1 14 045 10000026045 1 26 0 0 I-26 0.000000 17.459971 System 89044.485587 MULTILINESTRING Z ((-82.53591 35.44044 664.953...
2 13 057 10000026057 1 26 0 0 I-26 0.000000 12.606171 System 66456.002756 MULTILINESTRING Z ((-82.56037 35.95480 1145.01...
3 14 075 10000026075 1 26 0 0 I-26 0.000000 13.121029 System 69207.803704 LINESTRING Z (-82.34883 35.25453 565.22225, -8...
4 7 001 10000040001 1 40 0 0 I-40 0.000000 16.013000 System 84492.598738 LINESTRING Z (-79.53887 36.06290 179.46660, -7...
As you can see above, The graph
geodataframe has 373370 rows. There is either a multilinestring or a linestring in each row of the geometry
column. So I wrote the code below to extract the linestrings I need and keep them in a geodataframe area
.
from IPython.display import clear_output
area = gpd.GeoDataFrame(columns=['geometry'], geometry='geometry') # geodataframe for saving roads of interest
itr = 0 # to keep track of which row I'm going through
for String in graph['geometry']: # iterating through each row in geometry column of geodataframe
print("iterating through",itr,"th row in geodataframe")
itr += 1
if String.geom_type=='MultiLineString': # if the current row contains a multilinestring
for ls in String: # iterating through linestrings in the multilinestring
for i in range(len(ls.xy[0])): # iterating through points in the linestring
#print("longitude:",ls.xy[0][i],"latitude:",ls.xy[1][i])
if(-80.86<=ls.xy[0][i]<=-80.83):
temp = gpd.GeoDataFrame({'geometry':[ls]},geometry='geometry',crs=4236) #creating a temporary geodataframe for storing the road of interest
area = area.append(temp)
break # no need to keep looking if linestring is already added to area geodataframe
else: # if the current row contains a linestring
for i in range(len(String.xy[0])):
if(-80.86<=String.xy[0][i]<=-80.83):
temp = gpd.GeoDataFrame({'geometry':[String]},geometry='geometry',crs=4236)
area = area.append(temp)
break
clear_output(wait=True)
But it took around 12 minutes to iterate through 150 rows in my laptop; whereas there are 373370 rows in the dataframe. So it'll take around 500 hours to iterate through the whole graph
geodataframe in my machine. Is there a faster way to do this?

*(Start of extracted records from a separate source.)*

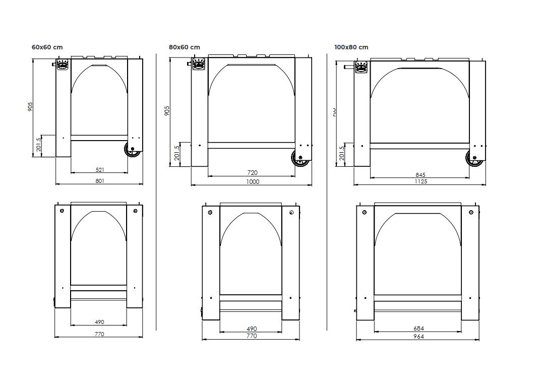 Wózek kompatybilny z piecem GOLD / PULCINELLA wyposażony w malowaną półkę, 2 kółka, zamykaną półkę boczną ze stali nierdzewnej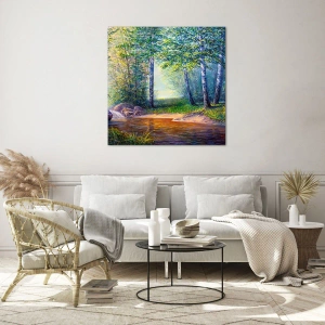 Glastavla - Bild på glas - En skogsbäck omgiven av träd i solens strålar - 70x50cm - Idyllisk vy - Modern väggdekoration för vardagsrum och sovrum ARTTOR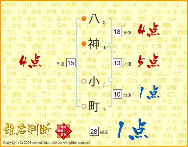 八神小町さんの総運は28画の1点!

如果你对这篇内容有疑问,欢迎到本站社区发帖提问 参与讨论,获取更多帮助,或者扫码二维码加入 Web 技术交流群。

绑定邮箱获取回复消息
由于您还没有绑定你的真实邮箱,如果其他用户或者作者回复了您的评论,将不能在第一时间通知您!
发布评论
评论(1)
您要使用
cx
,坐标索引器。请参阅文档中的更多信息 htttps://geopandas.org/geopandas.org/en/stable/docs /user_guide/indexing.html
关于多线链vs linestring,您可以在索引之前使用
爆炸>爆炸
以确保使用各个零件,而不是整个几何形状。You want to use
cx
, the coordinate indexer.See more in the documentation https://geopandas.org/en/stable/docs/user_guide/indexing.html
Regarding MultiLinestring vs LineString, you can use
explode
before the indexing to ensure individual parts are used, not whole geometries.